%%
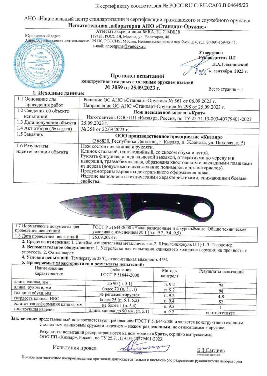 Нож "Крот",ООО "ПП "кизляр"
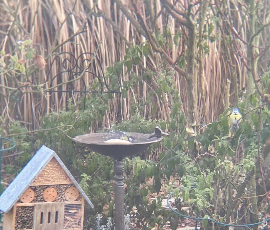 Nach einer frostigen Nacht schmelze ich morgens die zugefrorene Vogeltränke mit abgekochtem Wasser. Der aufsteigende Dampf schafft eine friedliche Atmosphäre und die Vögel nehmen es dankend an.
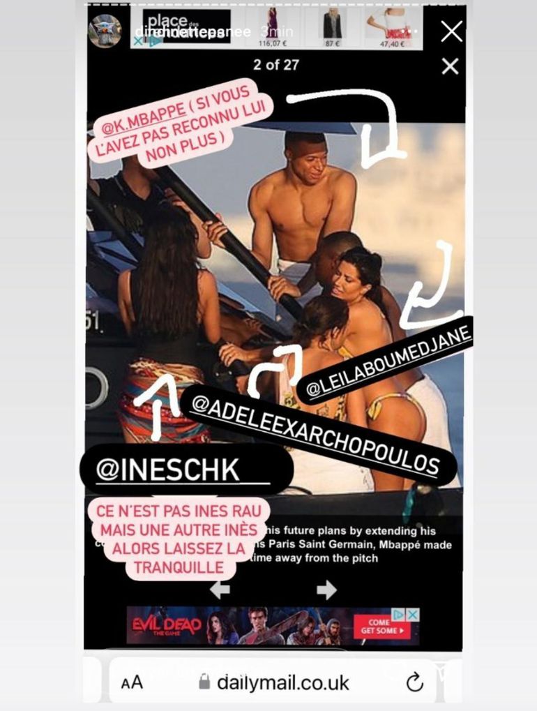 Mbappé, known for his intensely private life, offered no comment, nor did the model claimed to be in the photo - Ines Rau.
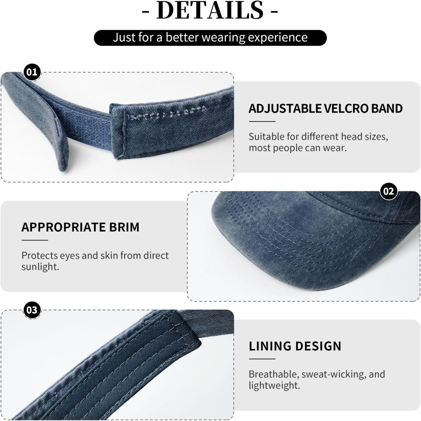 WIDE APPLICABILITY: The Inner Layer Of The Hat Is Equipped With A Sweatband, Men And Women For Outdoor Sports, Cycling, Fishing And Other Activities Can Be Carried Out To Absorb Sweat, Effectively Stop The Sweat Beads Slipping, But Also To Reduce The Risk Of Female Make-Up Removal, Through The Adjustment Of The Velcro Is Also Not Easy To Easily Blowing Mess.
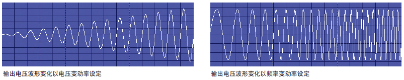 Chroma 61600系列可編程交流電源供應(yīng)器可以讓使用者設(shè)定電壓或頻率的輸出變動率,當輸出的電壓或頻率改變時,就會依照設(shè)定的變動率逐漸達到最終值。這可以幫助使用者驗證產(chǎn)品的操作范圍,例如可設(shè)定頻率由47Hz逐漸增加到63Hz,或電壓由90V逐漸增加到264V,取代只驗證輸入90V、115V、230V及264V幾個電壓點的方式。另外對待測物開機時,用電壓由0V逐漸上升的方式來減少輸入的浪涌電流,可應(yīng)用在馬達的啟動,或多個產(chǎn)品同時開機測試。
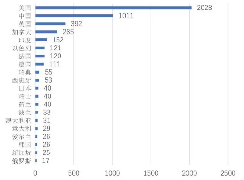 截至到2018年6月,全球共监测到人工智能企业总数达4925家,其中美国人工智能企业数2028家,位列全球第一。中国(不含港澳台地区)人工智能企业总数1011家,位列全球第二,其次分别是英国、加拿大和印度。
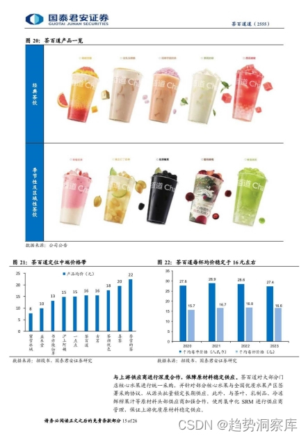 - 茶百道产品组合包括经典茶饮和季节性及区域性茶饮,主力价格带为16元左右。
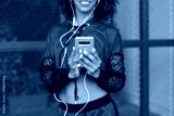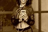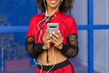 Black urban stylish female dancer using smartphone for listening music outside.
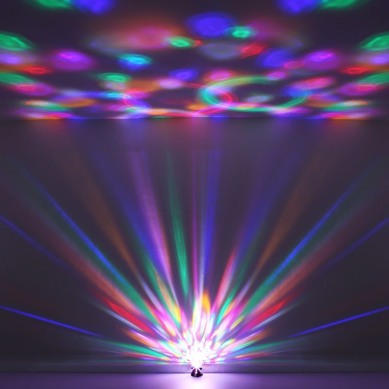 Die mehrfarbige Discolampe lässt verschiedenfarbige Lichtstrahlen durch Ihren Raum schießen und schafft eine festliche Atmosphäre.
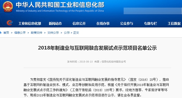 近日,工业与信息化部公布了2018年制造业与互联网融合发展试点示范项目名单。华体网页版登录界面申报的面向现代化生产制造与运营管理的新型能力建设项目“基于数据分析的精准决策支持能力”入选该项目名单。公司将继续深化推进两化融合贯标工作,着力信息化环境新型能力建设,不断提升企业核心竞争力。
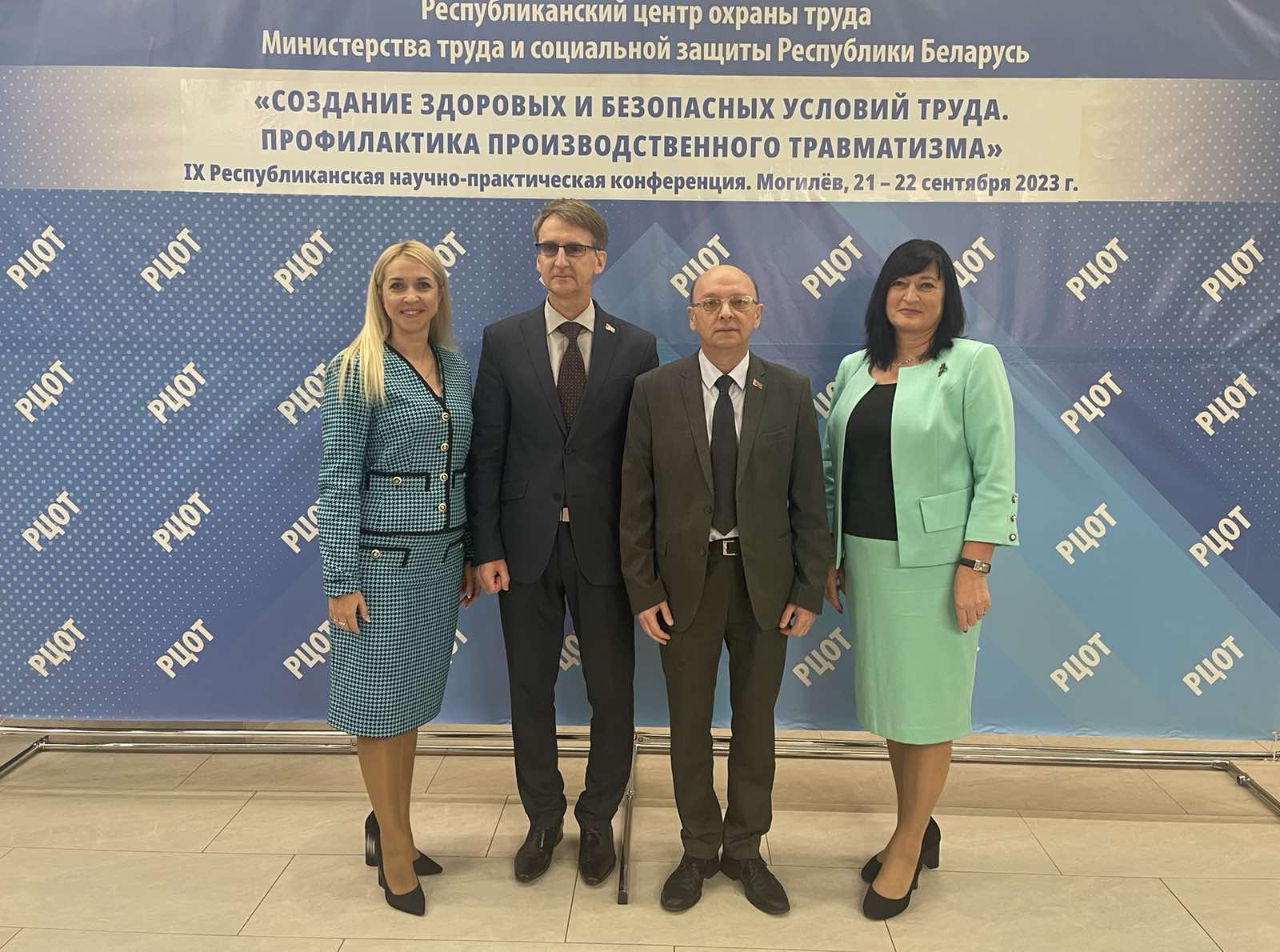 Республиканская научно-практическая конференция «Создание здоровых и безопасных условий труда. Профилактика производственного травматизма» проходит 21-22 сентября 2023 г. в г. Могилёве. В ее работе принимают участие заместитель министра труда и социальной защиты Республики Беларусь И.Г.Старовойтов, директор Департамента госинспекции труда А.В. Семич,представители всех областей страны, курирующие вопросы охраны труда, в том числе из комитета по труду , занятости и социальной защите Витебского облисполкома . На площадке конференции обсуждаются основные направления совершенствования законодательства о труде и об охране труда, вопросы создания здоровых и безопасных условий труда. Проходит выставка спецодежды и средств индивидуальной защиты. Также участники конференции посетят промышленные предприятия Могилёва, где ознакомятся с вопросами организации охраны труда. Конференция проходит в 9-й раз и собрала более 140 руководителей и специалистов предприятий Беларуси.
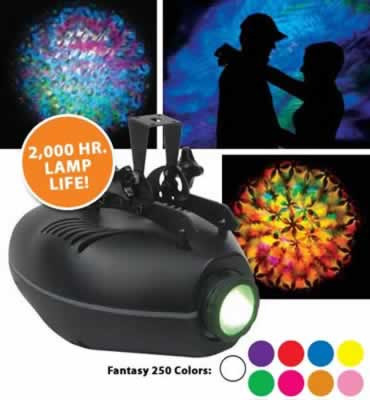 High powered 250W discharge projector produces multi-color 3D patterns: great for projecting on walls, ceilings, floors, buildings etc.
%%
§ WORK REQUIRED: Copy the whole of the material above exactly, and exclude every picture.

§ REPLY:
 Нож "Крот",ООО "ПП "кизляр"
 Nach einer frostigen Nacht schmelze ich morgens die zugefrorene Vogeltränke mit abgekochtem Wasser. Der aufsteigende Dampf schafft eine friedliche Atmosphäre und die Vögel nehmen es dankend an.
 Mbappé, known for his intensely private life, offered no comment, nor did the model claimed to be in the photo - Ines Rau.
 WIDE APPLICABILITY: The Inner Layer Of The Hat Is Equipped With A Sweatband, Men And Women For Outdoor Sports, Cycling, Fishing And Other Activities Can Be Carried Out To Absorb Sweat, Effectively Stop The Sweat Beads Slipping, But Also To Reduce The Risk Of Female Make-Up Removal, Through The Adjustment Of The Velcro Is Also Not Easy To Easily Blowing Mess.
 Chroma 61600系列可編程交流電源供應(yīng)器可以讓使用者設(shè)定電壓或頻率的輸出變動率,當輸出的電壓或頻率改變時,就會依照設(shè)定的變動率逐漸達到最終值。這可以幫助使用者驗證產(chǎn)品的操作范圍,例如可設(shè)定頻率由47Hz逐漸增加到63Hz,或電壓由90V逐漸增加到264V,取代只驗證輸入90V、115V、230V及264V幾個電壓點的方式。另外對待測物開機時,用電壓由0V逐漸上升的方式來減少輸入的浪涌電流,可應(yīng)用在馬達的啟動,或多個產(chǎn)品同時開機測試。
 截至到2018年6月,全球共监测到人工智能企业总数达4925家,其中美国人工智能企业数2028家,位列全球第一。中国(不含港澳台地区)人工智能企业总数1011家,位列全球第二,其次分别是英国、加拿大和印度。
 - 茶百道产品组合包括经典茶饮和季节性及区域性茶饮,主力价格带为16元左右。
 Black urban stylish female dancer using smartphone for listening music outside.
 Die mehrfarbige Discolampe lässt verschiedenfarbige Lichtstrahlen durch Ihren Raum schießen und schafft eine festliche Atmosphäre.
 近日,工业与信息化部公布了2018年制造业与互联网融合发展试点示范项目名单。华体网页版登录界面申报的面向现代化生产制造与运营管理的新型能力建设项目“基于数据分析的精准决策支持能力”入选该项目名单。公司将继续深化推进两化融合贯标工作,着力信息化环境新型能力建设,不断提升企业核心竞争力。
 Республиканская научно-практическая конференция «Создание здоровых и безопасных условий труда. Профилактика производственного травматизма» проходит 21-22 сентября 2023 г. в г. Могилёве. В ее работе принимают участие заместитель министра труда и социальной защиты Республики Беларусь И.Г.Старовойтов, директор Департамента госинспекции труда А.В. Семич,представители всех областей страны, курирующие вопросы охраны труда, в том числе из комитета по труду , занятости и социальной защите Витебского облисполкома . На площадке конференции обсуждаются основные направления совершенствования законодательства о труде и об охране труда, вопросы создания здоровых и безопасных условий труда. Проходит выставка спецодежды и средств индивидуальной защиты. Также участники конференции посетят промышленные предприятия Могилёва, где ознакомятся с вопросами организации охраны труда. Конференция проходит в 9-й раз и собрала более 140 руководителей и специалистов предприятий Беларуси.
 High powered 250W discharge projector produces multi-color 3D patterns: great for projecting on walls, ceilings, floors, buildings etc.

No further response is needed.